And now this rare, this altogether improbable irony of teaching Aaron’s son the iron trade! of demonstrating to him the fallibility of steel! of sending him forth from New Damascus to sell iron rails against steel!

Did Gib relish the irony? gloat on it, perhaps? That may not be answered clearly. There was at any rate a strong rational motive in his behavior.

Hitherto New Damascus rails had sold themselves. Therefore Gib had no sales department in his organization. Now steel rails were coming in and steel rails were being sold. There was a powerful selling campaign behind them. The competition was not yet alarming, but it was serious and likely to increase, and the way to meet it was to sell iron rails. Gib had business foresight. It revealed to him the use of salesmanship to meet a new condition. What he had been seeking was not then so quickly to be found. That was a selling genius. John Breakspeare was not the first young man he had personally conducted through the testing yard. Three had already failed him and he was wondering where he should look for another prospect when Aaron’s son appeared. Gib perceived or felt in him the latency of what he wanted. If the same young man had been anyone else he would have taken hold of him in precisely the same way. The fact of his being Aaron’s son—no Esther’s—was one to be set aside. The relationship was experimental, on the plane of business, and what might come of it—well, that would appear.

On John’s part a personal sensibility at the beginning gradually wore away as he discovered the drift of events, which was this:

The star of iron was threatened in the first phase of its glory.

The day of steel was breaking.

It was not a brilliant event. It was like a cloudy dawn, unable to make a clean stroke between the light and the dark. Yet everyone had a sense of what was passing in this dimness.
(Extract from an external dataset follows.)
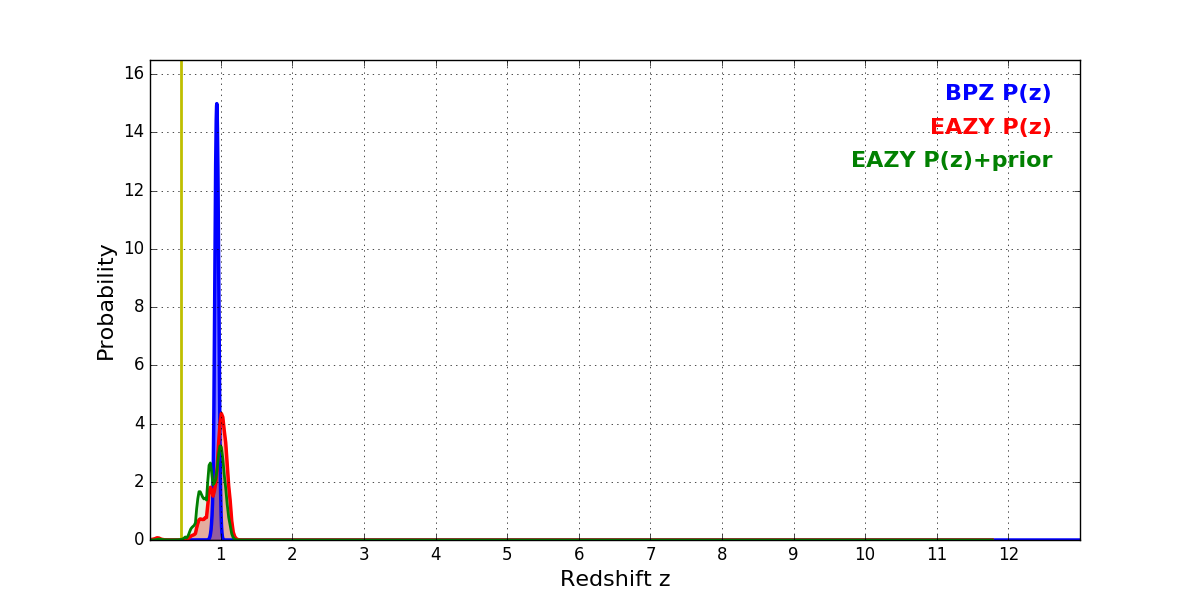 In P(z) plots: Yellow lines mark the cluster redshift z = 0.438,
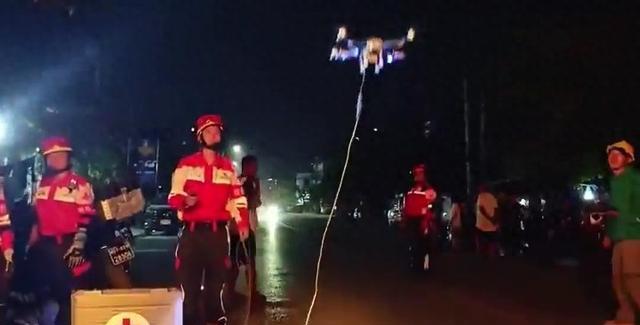 但时间紧急根本来不及修好电路,为了方便能在晚上救援我国的无人机技术立大功了!

Gib, whose disbelief in steel rested as much upon pain memories and hatred as upon reason, was a fanatic; but at the same time great numbers of men with no such romantic bias of mind were violently excited on one side or the other of a fighting dispute. Fate decided the issue. The consequences were such as become fate. They were tremendous, uncontrollable, unimaginable. They changed the face of civilization. Vertical cities, suburbs, subways, industrialism, the rise of a wilderness in two generations to be the paramount nation in the world, victory in the World War,—those were consequences.

It is to be explained.

Less than ten years after Aaron’s failure the great Bessemer process, a way of producing steel direct from ore, was successfully evolved in England, and the British now were producing steel, especially steel rails, in considerable quantities. Americans as usual were procrastinating, digressive, self-obstructing. The Bessemer patents were bought and brought to this country. A Kentucky iron master filed an interference on the ground that although he hadn’t developed it in practice he had had that same idea himself, and had had it first, and his contention was sustained. Several years were lost in wrangling over rights. Meanwhile, England entered the American market with steel rails. These now were competing with iron rails. When at last the Bessemer process began to be tried in this country the principle of perversity that animates the untamed elements bewitched it. Disappointments were so continuous, so humiliating, so extremely disastrous, that a period was when one would have thought the whole thing much more likely to be abandoned than persevered with. And when at length there was a useable product at all it was a poor and very uncertain product, comparing unfavorably with English steel, and how the English steel rails compared with good American iron rails has already been witnessed in Gib’s mill yard.